Workington MP Tony Cunningham is among more than 100 cross-party MPs who have demanded that the £400 million-a-year subsidies paid to the “inefficient” onshore wind turbine industry be cut.
The MPs are demanding action from the government, including more influence for local people to stop wind farms being built.
Labour’s Mr Cunningham said: “I think the majority of my constituents share my view. I have long been opposed to onshore. The most recent planning application was rejected on the grounds that there were too many already in the area.
“This is the point I have been making for some time. There are too many wind farms on land.”
Carlisle Conservative MP John Stevenson and Penrith and the Border Conservative MP Rory Stewart are also part of the cross-party group.
In December, planning inspector David Rose turned down an appeal by Peel Energy for three turbines at the former Broughton Lodge opencast coal mine.
Cumbria County Council leader Eddie Martin wrote to the government last summer asking it to stop imposing wind farms on the county or to force developers to pay compensation to the communities that he claimed they blighted.
His letter said: “Despite the palliative rhetoric and occasional panaceas, central government is simply not listening. That is profoundly depressing and fundamentally undemocratic.”
A Downing Street spokeswoman said: “We need a low-carbon infrastructure and onshore wind is a cost-effective and valuable part of the UK’s diverse energy mix.
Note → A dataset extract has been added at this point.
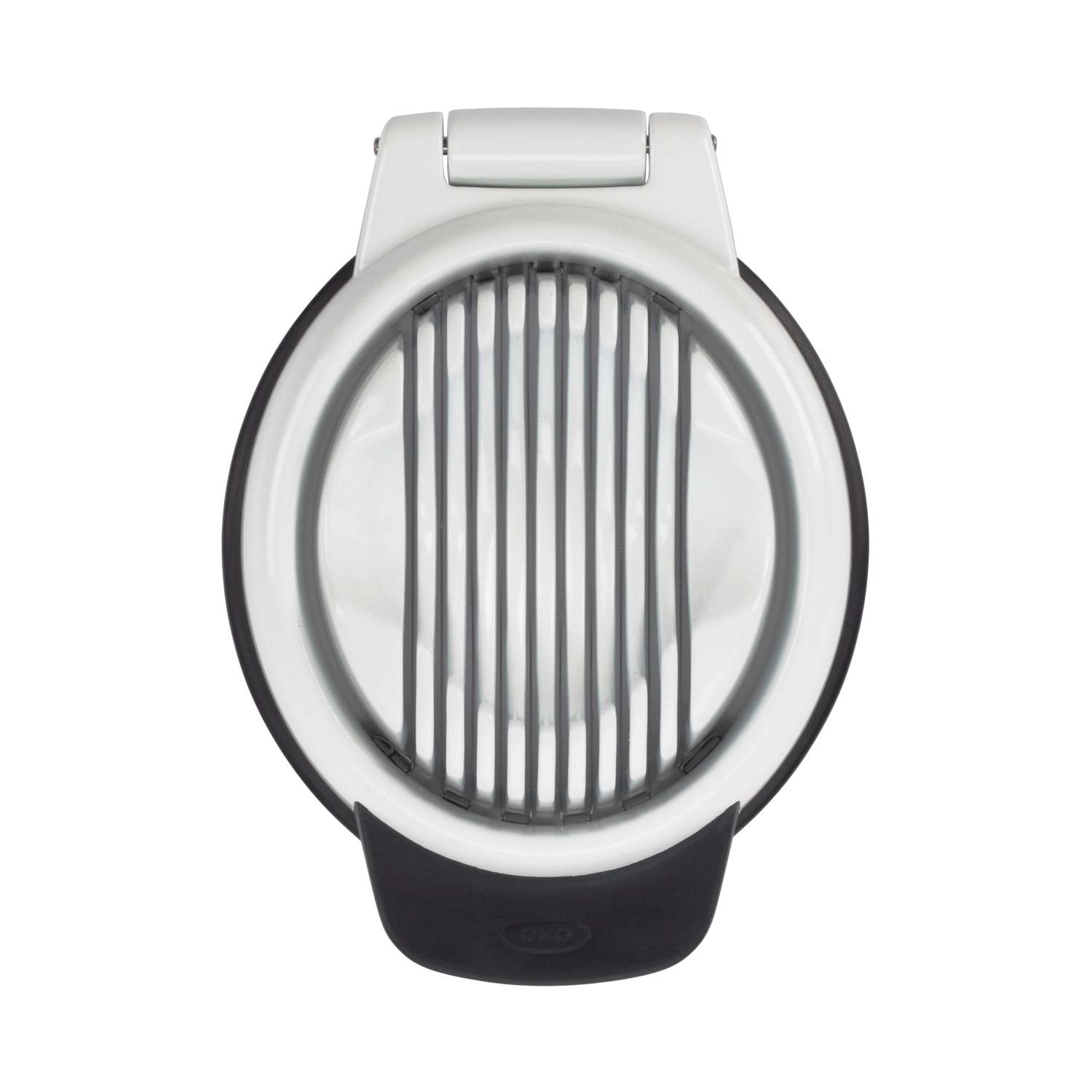 Cuts hard-boiled eggs in 5mm slices. Holder cradles egg for round or oblong slices. Raised handle to open and close. Non-slip base provides comfy grip. Top-rack dishwasher safe.

“The Government has commissioned a review of subsidy levels and we are proposing a cut for onshore wind subsidies to take into account the fact that costs are coming down.
“We are committed to giving communities the power to shape the spaces in which they live and are getting rid of regional targets introduced by the last government.
“The draft framework also aims to strengthen local decision-making and reinforce the importance of local plans.”